Искусственный интеллект в диагностике трудных дыхательных путей: обзор литературы. Artificial intelligence for difficult airways diagnosis: review.
Description
INTRODUCTION. The development of artificial intelligence has opened up the possibility of its application in the practice of an anesthesiologist in the direction associated with the most life-threatening complications - the prediction of difficult airways. This article is about the principles of artificial intelligence and the experience of its modern application to determine the risk of difficult airways. OBJECTIVES. To review the literature to determine the role of artificial intelligence in the diagnosis of difficult airways.
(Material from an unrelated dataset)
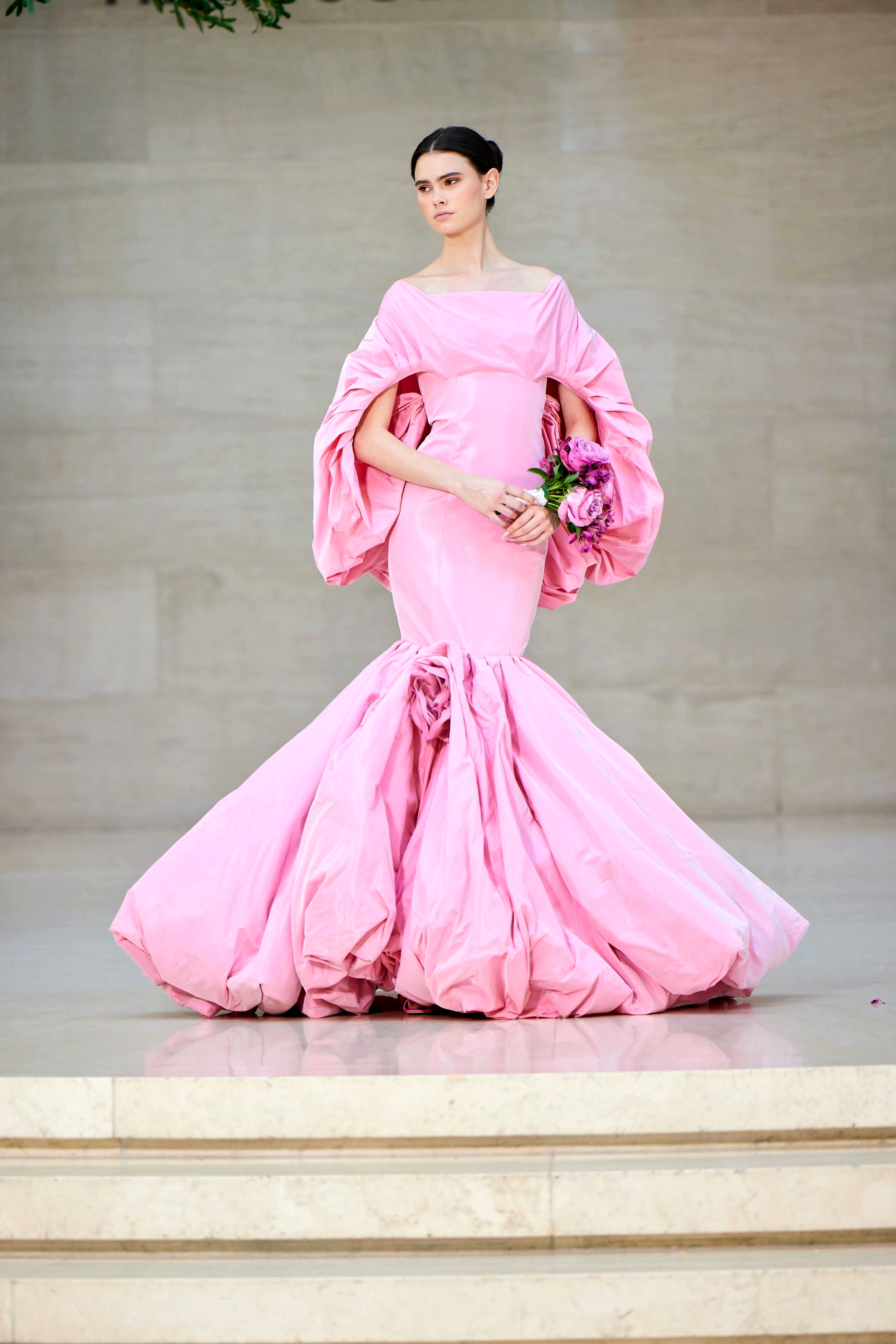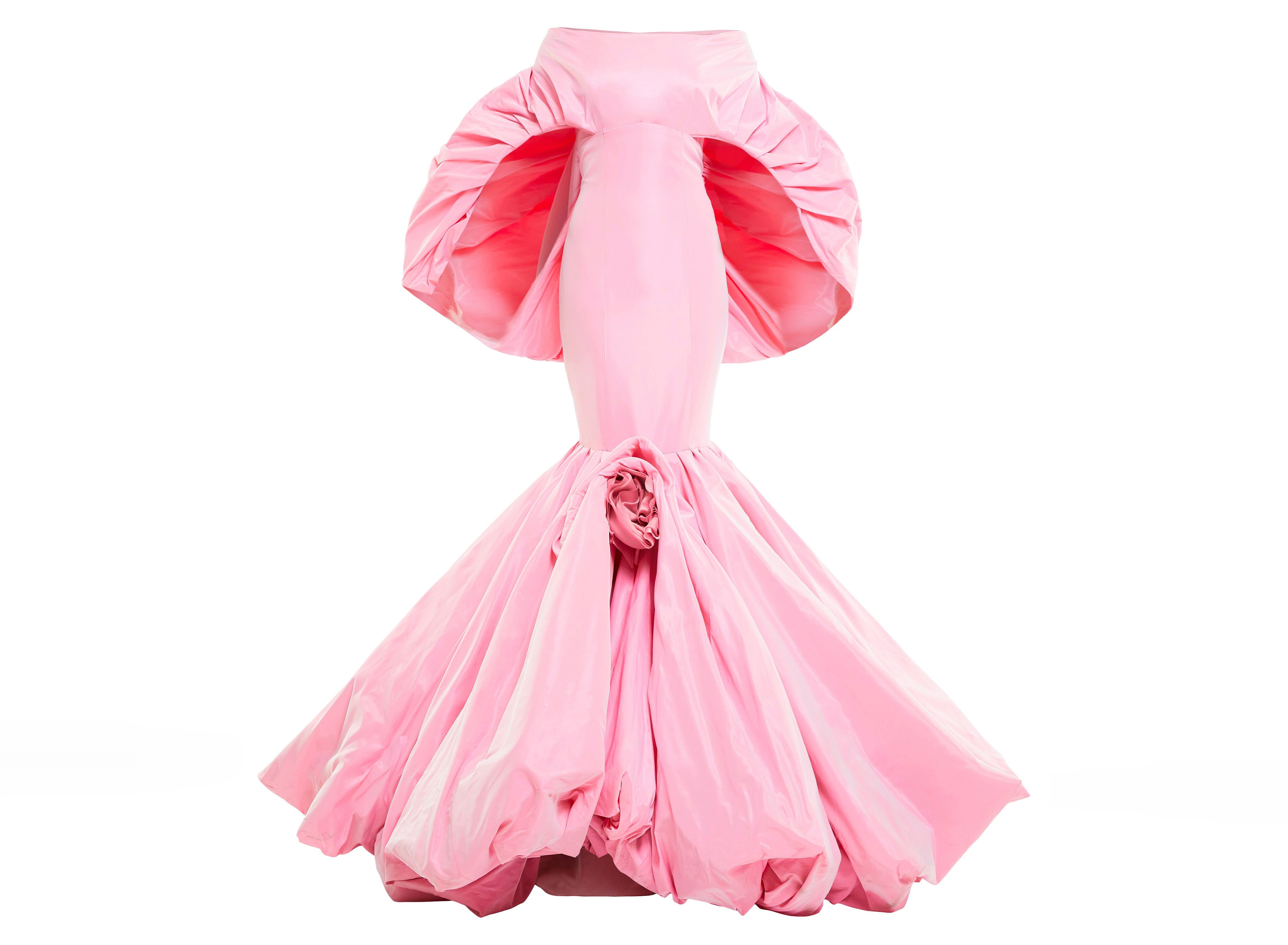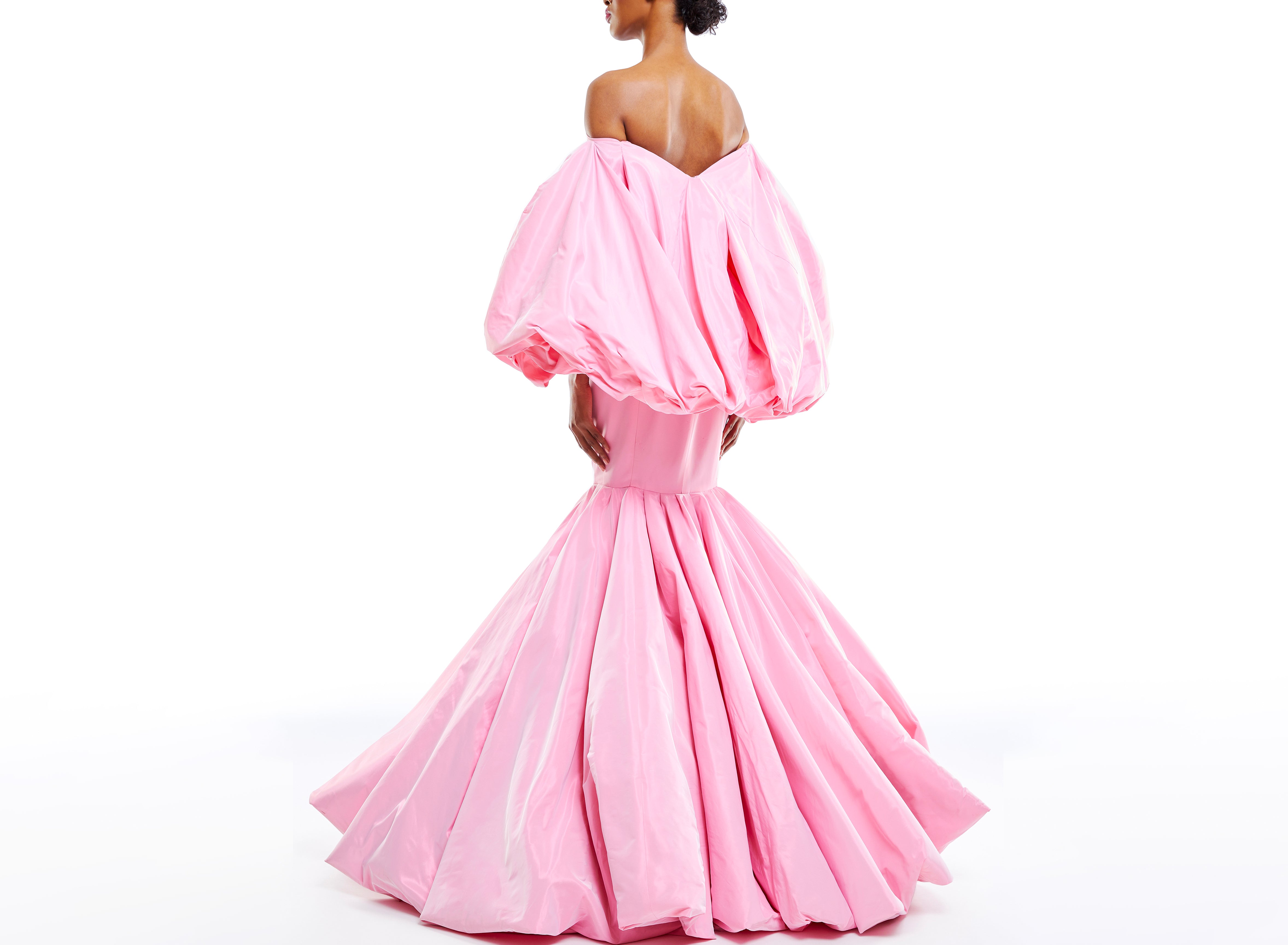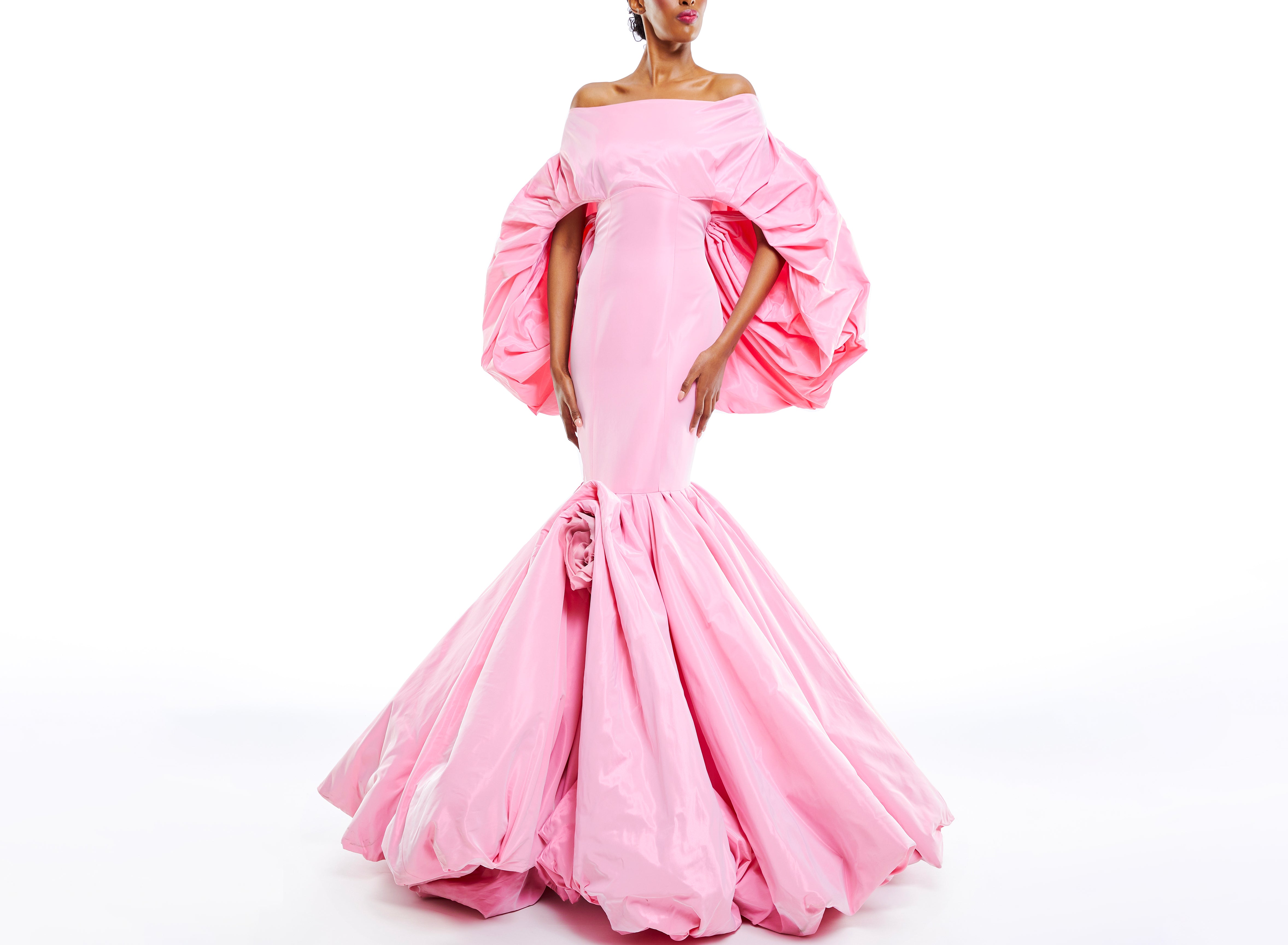 Off the shoulder exaggerated draped sleeve gown in Taffeta fabric with rosette embellishment

MATERIALS AND METHODS. A review of the literature on the international Pubmed database, the Russian-language Elibrary. The search words for English-language databases were: Artificial intelligence, deep learning, difficult airways; for Russian-language: искусственный интеллект, глубокое машинное обучение, трудные дыхательные пути. The criteria for inclusion of articles were: systematic reviews, meta-analysis, randomized clinical trials, review articles. Exclusion criteria: clinical case, dissertation, abstract, thesis, application of artificial intelligence methods in pediatric practice. RESULTS. 9 articles were received for analysis. The main methods of searching for predictors of difficult airways are based on the use of photographs of patients, the use of anthropometry and physical examination data, methods using thermal imager heat maps using gradient-weighted class activation mapping. In all the analyzed works, the effectiveness of predicting difficult airways using artificial intelligence was noted, with the exception of the Siriussawakul et al. study and related to the anthropometric characteristics of patients. CONCLUSION. Diagnostic methods based on the artificial intelligence in the practice of the anesthesiologist make it easier to work and improve the detection of patients with difficult airways. However, there are still a number of unresolved issues regarding the legal and ethical components of the application of these methods in clinical practice.